**Dataset excerpts**:
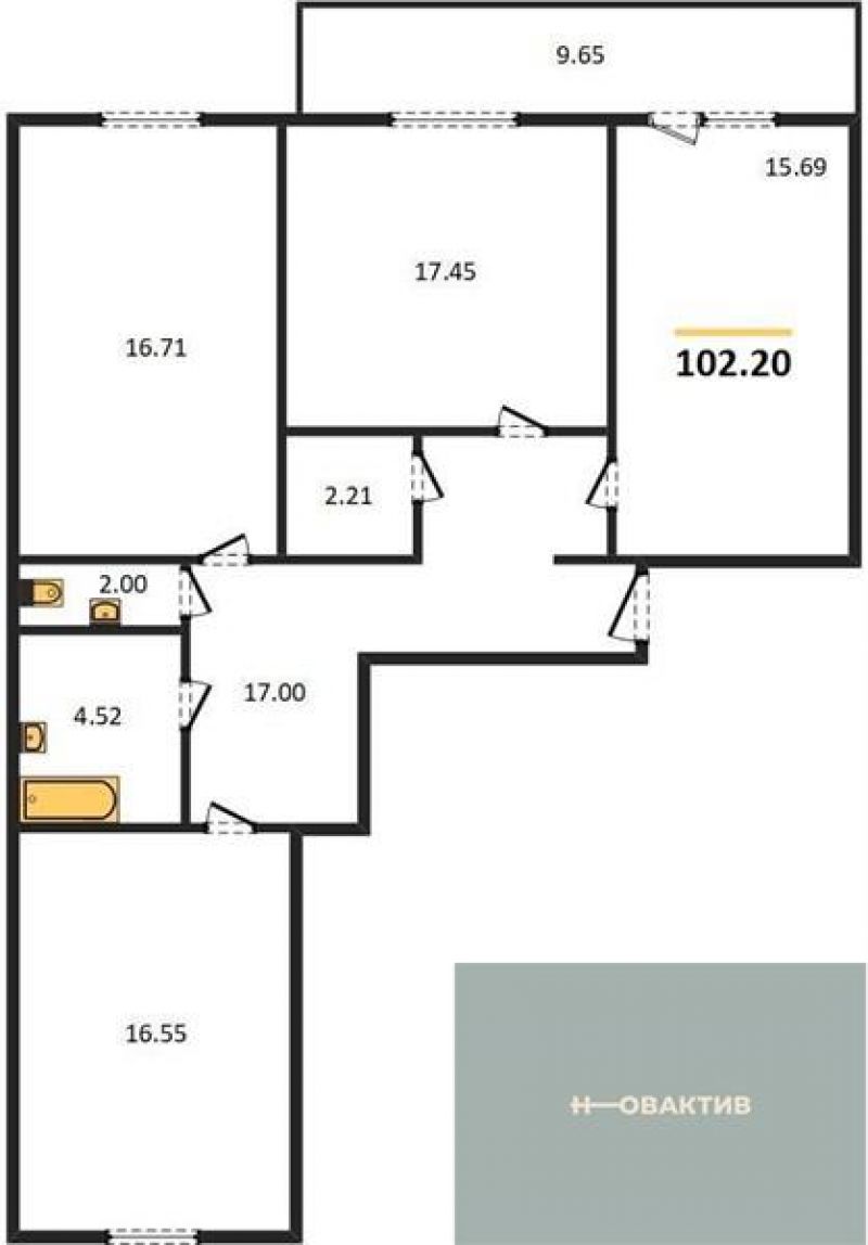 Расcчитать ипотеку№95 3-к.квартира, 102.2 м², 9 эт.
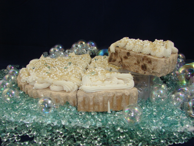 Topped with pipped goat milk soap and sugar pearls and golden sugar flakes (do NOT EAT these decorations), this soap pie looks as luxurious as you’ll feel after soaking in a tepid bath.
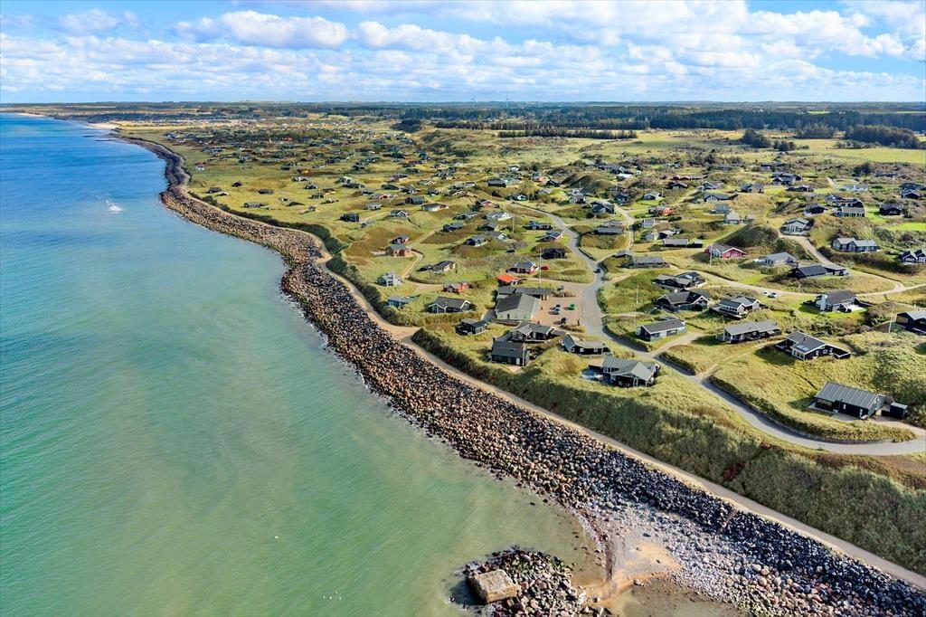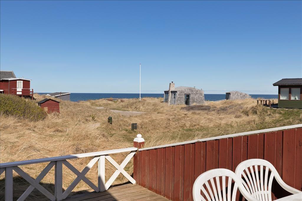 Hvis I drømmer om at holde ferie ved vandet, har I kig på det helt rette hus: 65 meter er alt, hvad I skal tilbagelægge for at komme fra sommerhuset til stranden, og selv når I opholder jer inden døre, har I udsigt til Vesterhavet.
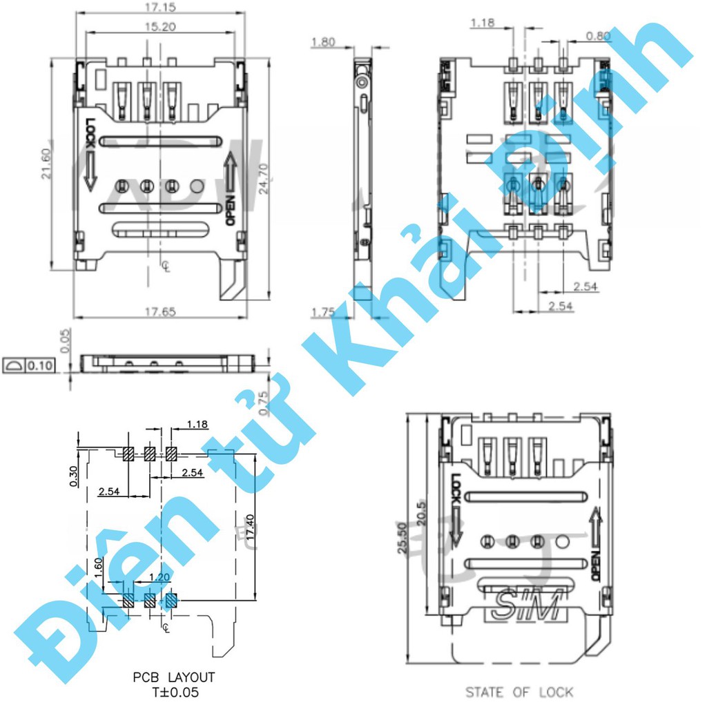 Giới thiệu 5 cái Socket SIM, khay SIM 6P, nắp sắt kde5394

--

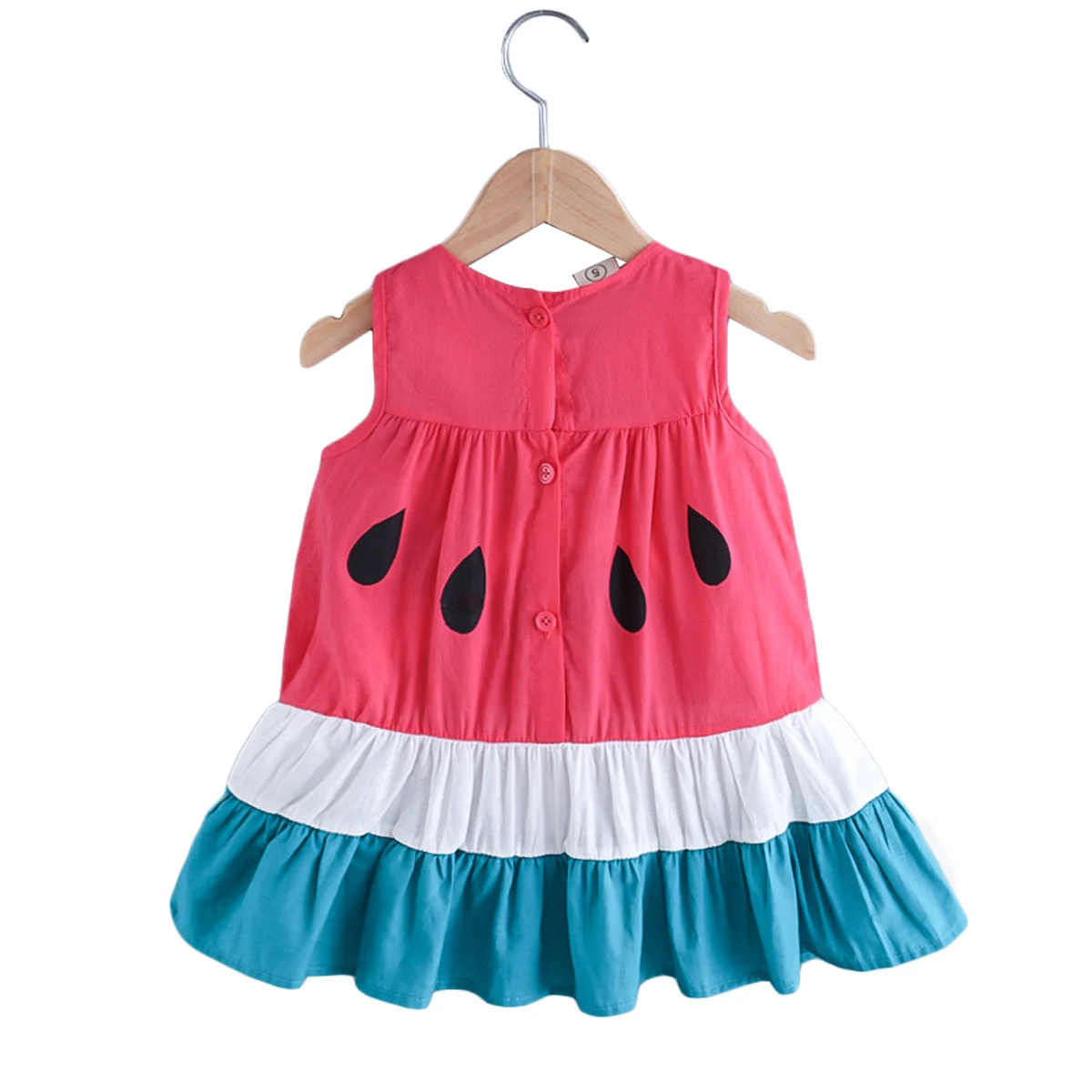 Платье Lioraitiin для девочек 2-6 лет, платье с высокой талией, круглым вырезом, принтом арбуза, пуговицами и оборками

==

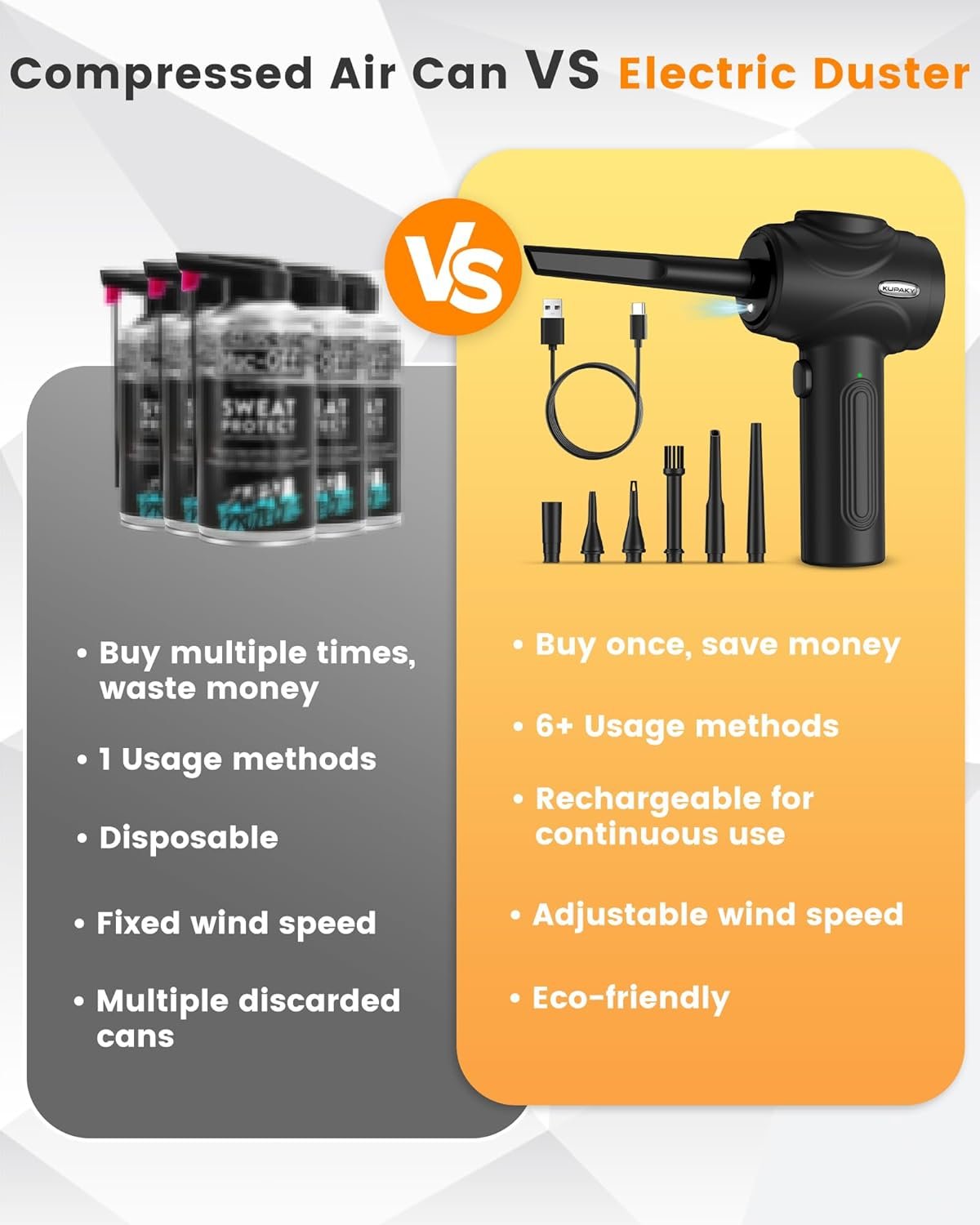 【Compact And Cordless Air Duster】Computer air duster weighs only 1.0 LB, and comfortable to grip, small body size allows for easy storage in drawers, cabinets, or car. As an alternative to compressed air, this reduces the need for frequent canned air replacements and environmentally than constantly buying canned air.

**Work to be completed**: Among the entries above, copy exactly the stretch from the line holding "Расcчитать ипотеку№95 3-к.квартира, 102.2" through the line holding "Topped with pipped", leaving out any pictures.

**Written solution**:
 Расcчитать ипотеку№95 3-к.квартира, 102.2 м², 9 эт.
 Topped with pipped goat milk soap and sugar pearls and golden sugar flakes (do NOT EAT these decorations), this soap pie looks as luxurious as you’ll feel after soaking in a tepid bath.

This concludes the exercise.